The fact that Dankner is a “celebrity” also played some part in the decision of the justices, Winter said. “They knew any decision about him would make a lot of headlines, and they used this case as an opportunity to send a message that will resonate and hopefully deter others.”

“Many claim that we are a corrupt and criminal country, and that all of this is a mark of shame on Israel,” Winter said. But this is a moment of which Israel can be proud, he said. “Our courts have shown that even if you are very strong, both financially and politically, when you face the court you are treated as an equal to all. As our late prime minister Menachem Begin said: ‘There are judges in Jerusalem.'”

“Our Israeli and Jewish culture forbids us to influence the judiciary. And even if you are extremely connected, if you need to be punished it won’t help who you are,” he added.

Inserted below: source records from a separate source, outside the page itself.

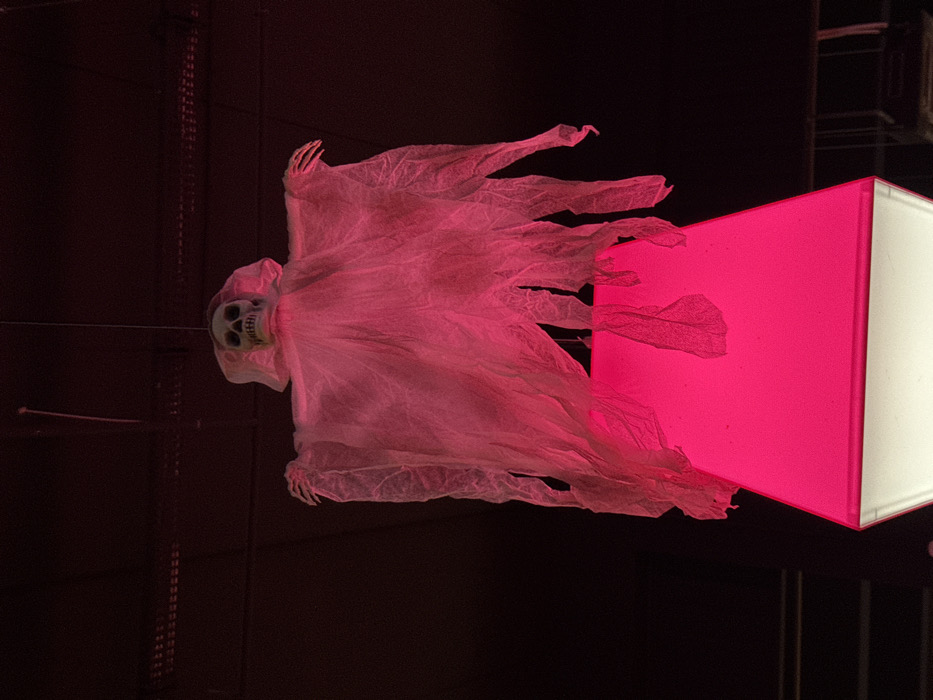 - "In Reichstett, France, an indoor scene displays a Halloween decoration consisting of a suspended ghost figure and a geometric light fixture" by FM-IL2Dl2, licensed under CC BY 4.0
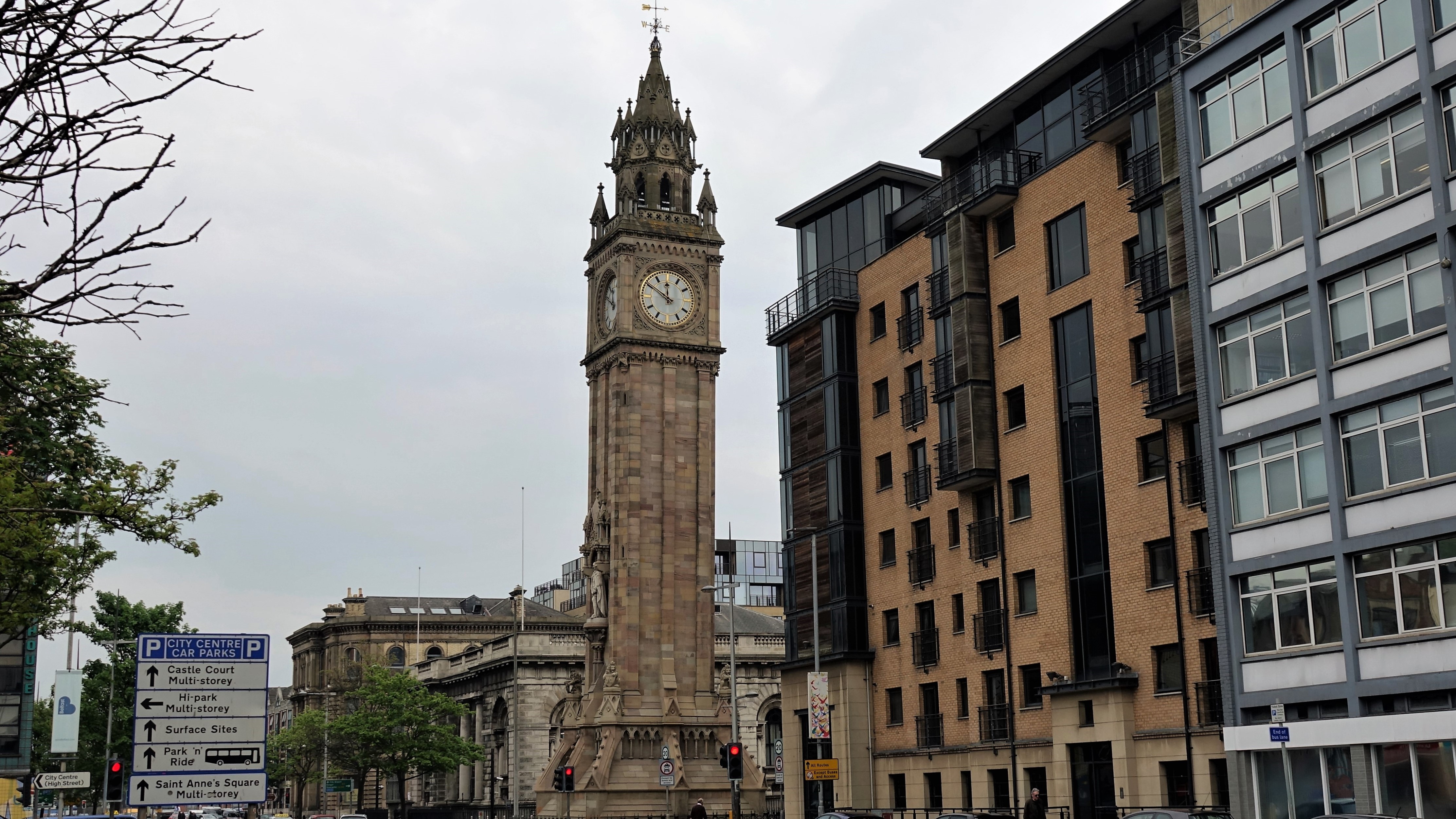 Wir folgen der Victoria Street bis zur Ecke High Street, wo auf der anderen Seite am Queen’s Square die „Albert Memorial Clock“ steht, Belfasts Antwort auf den „Schiefen Turm von Pisa“. Die Turmuhr wurde 1865 zu Ehren von Prinz Albert, dem verstorbenen Prinzgemahl der damaligen englischen König Victoria, errichtet, leider aber auf trockengelegtem Marschland, so dass sich der Turm auf dem wenig stabilen Untergrund immer mehr neigte und schließlich um mehr als einen Meter von der Lotrechten abwich. 2002 wurde die Uhr renoviert und die Neigung gestoppt.
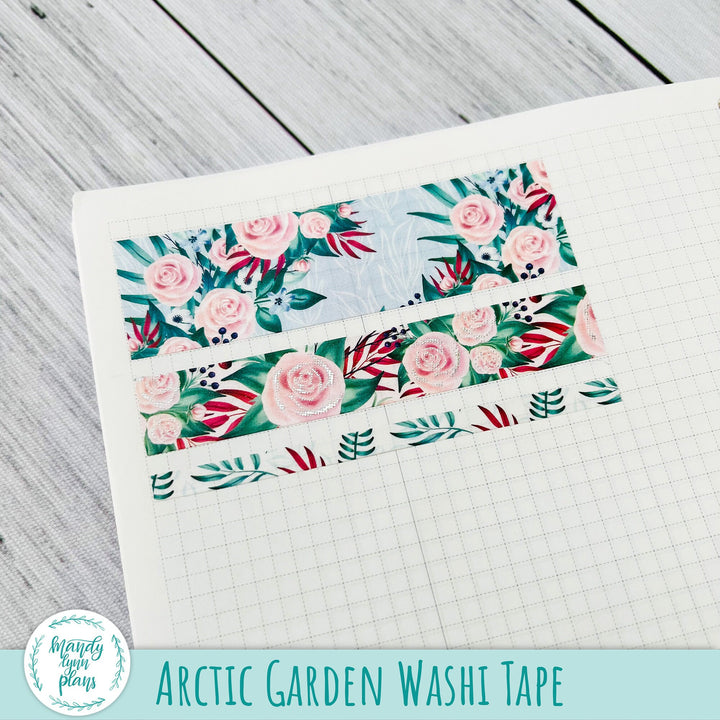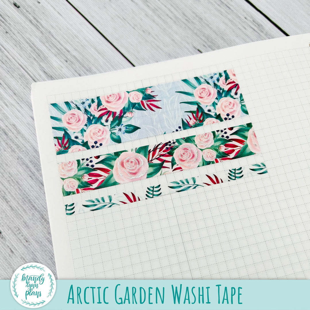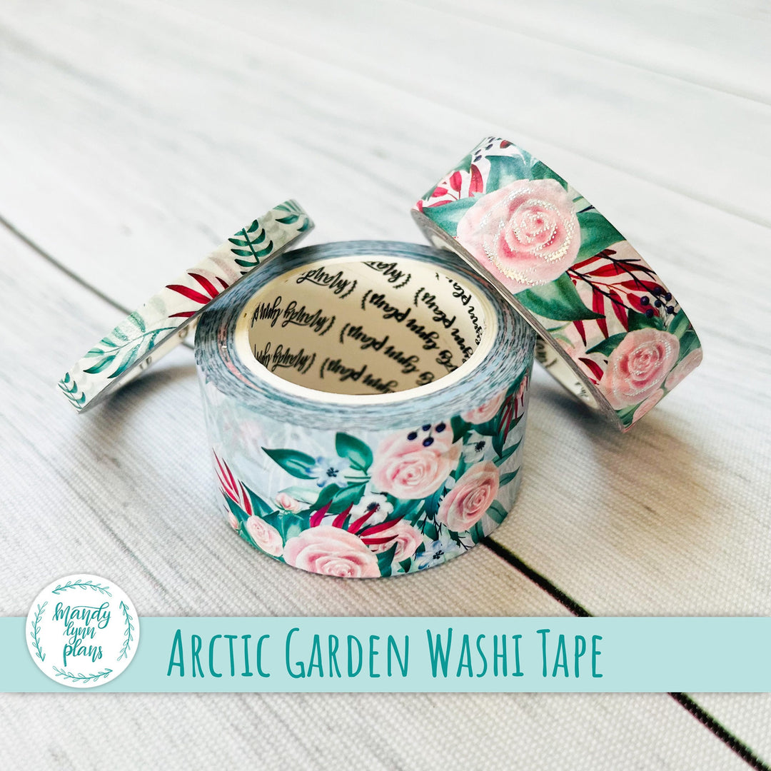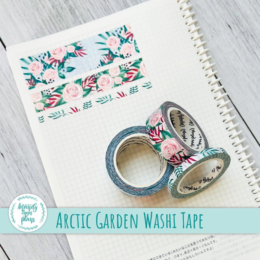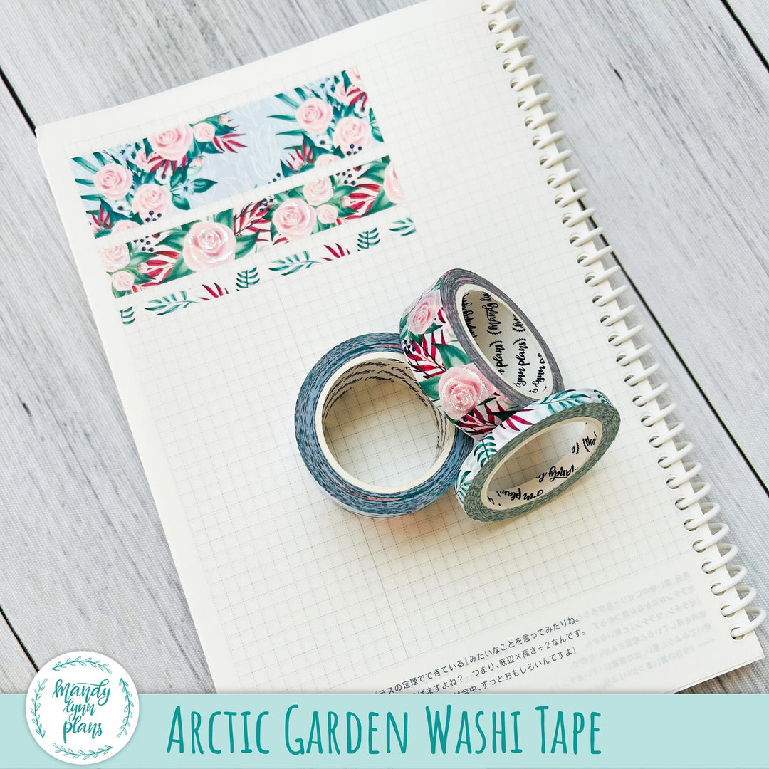 This listing is for a Set of THREE coordinating washi tape rolls that match the Arctic Garden kits and add-ons we have in the shop. The washi tape is 25mm, 15mm, and 5 mm x 10m. The medium sized washi tape has silver foiling.
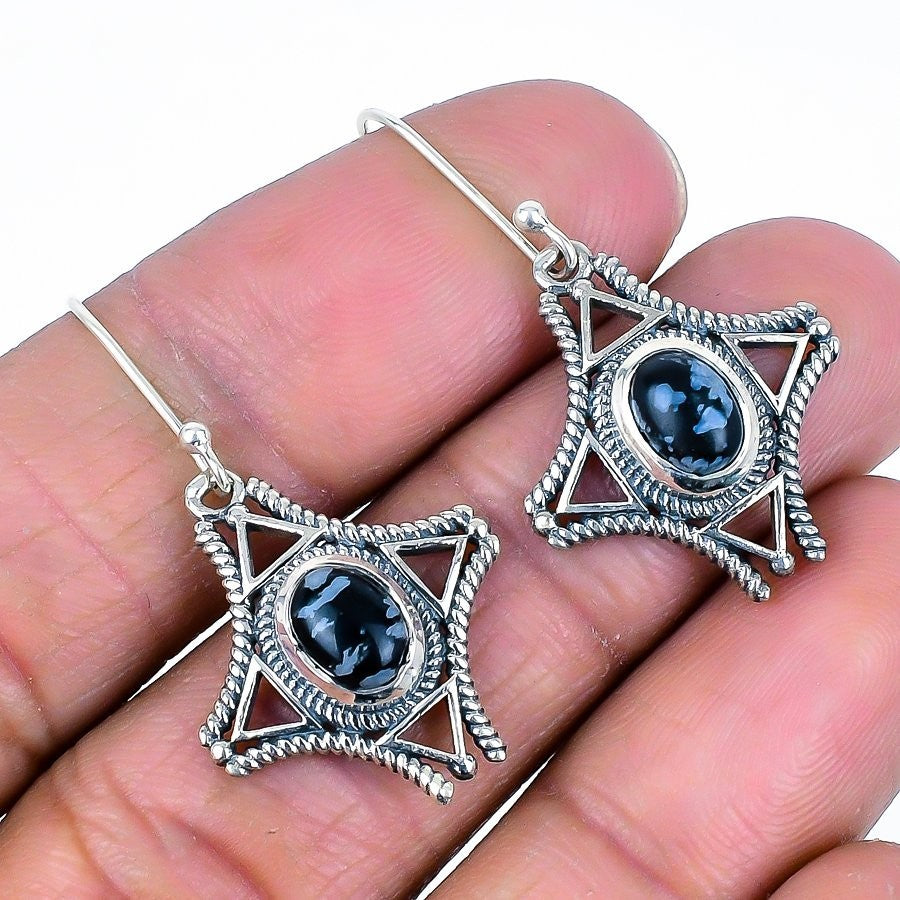 Natural Snowflake Obsidian Solid Sterling Silver Drop Dangle Earrings Jewelry
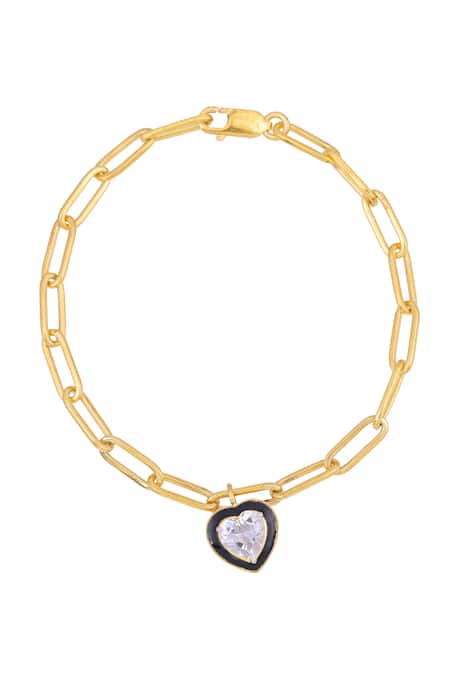 Gold Plated Crystals Heart Charm Chain Link Bracelet
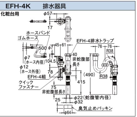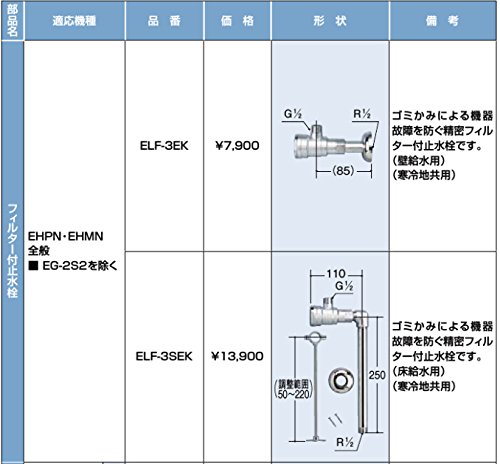 - フィルター付止水栓(壁給水用)ELF-3EK+排水器具(EFH-4K)セット
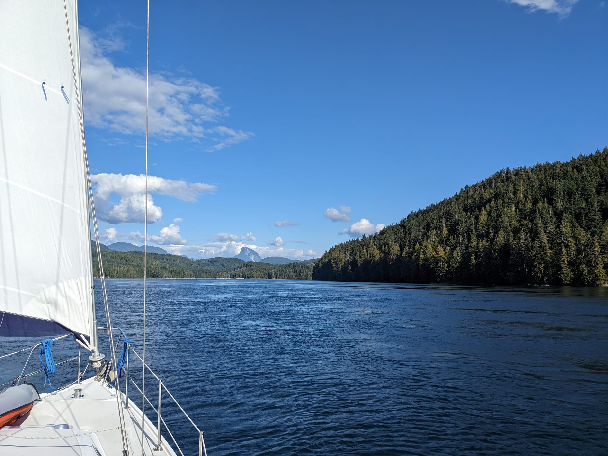 At around 10:30a, the wind finally picked up - about 7 knts over our starboard - which made things much more comfortable and Sara’s stomach started to settle. It wasn’t until about 12:30p that we made it behind Keats island and seas became flat again. We made pretty good time once the wind picked up, about 6 knts, and we made it into Port Hardy by 3p.

President Reuven Rivlin, sitting center, President of the Supreme Court Esther Hayut, sitting left, and Justice Minister Ayelet Shaked, sitting right, together with newly sworn-in court judges at the President’s Residence, Jerusalem, May 7, 2018. (Mark Neeman/President’s Office)

This same image of an uncompromising and independent judiciary has also been evident in the case of former prime minister Ehud Olmert, who served 16 months for bribery, and former president Moshe Katzav, who served five years for rape. Prime Minister Benjamin Netanyahu is also currently under investigation in several cases, and in two of the probes the police have recommended he be indicted for bribery.

And now the courts’ tough stance appears to have made its way into the business world.

“We put people in prison regardless of who and how high they are. I’m not sure in France or in Germany, for example, they would have put a president in prison, as we did. In this respect we are a country with more rule of law than many other Western countries. And hopefully that won’t change,” Winter said.

“It is not the first time and not the last time that people will overleverage themselves. But the Israeli legal system, the Ministry of Justice and the Israel Security Authority are cracking down on crime,” said Saar Golan, a trader at Meitav DS, an Israeli investment management company, by phone. “They have excellent and sophisticated systems in place to spot fraud, front running, and stock manipulation, and the message is nobody is immune.

“I think it is positive. It does not mean there is more fraud or criminal activity happening; it is just that the criminals are being caught more. We are cleaning up the swamp. There has always been corruption in business and politics. But a determined and activist press and the courts are focusing more on exposing wrongdoing.”

A business lesson as well

Another message that can be learned from the Dankner downfall is that there needs to be a rationale underlying the companies you hold in your assets, explained IDC’s Hashai.

“When you have a holding company with many diversified companies within it, you need something that connects between the businesses, a core connecting competence,” he said. But in the IDB firms “there was no common thread.”

“In a free economy like ours, there is no such thing as too big to fail,” he said. “If you are a strong strategic businessman the mix can work without synergies, but not for very long. In our classes at the university we always talk about the concept of related diversification — you can have diversified businesses, but there must be some common factor between them. If this common factor is just a very strong and influential businessman, with many ties and clout, it is something that could work in a non-competitive market, but not in an open economy.”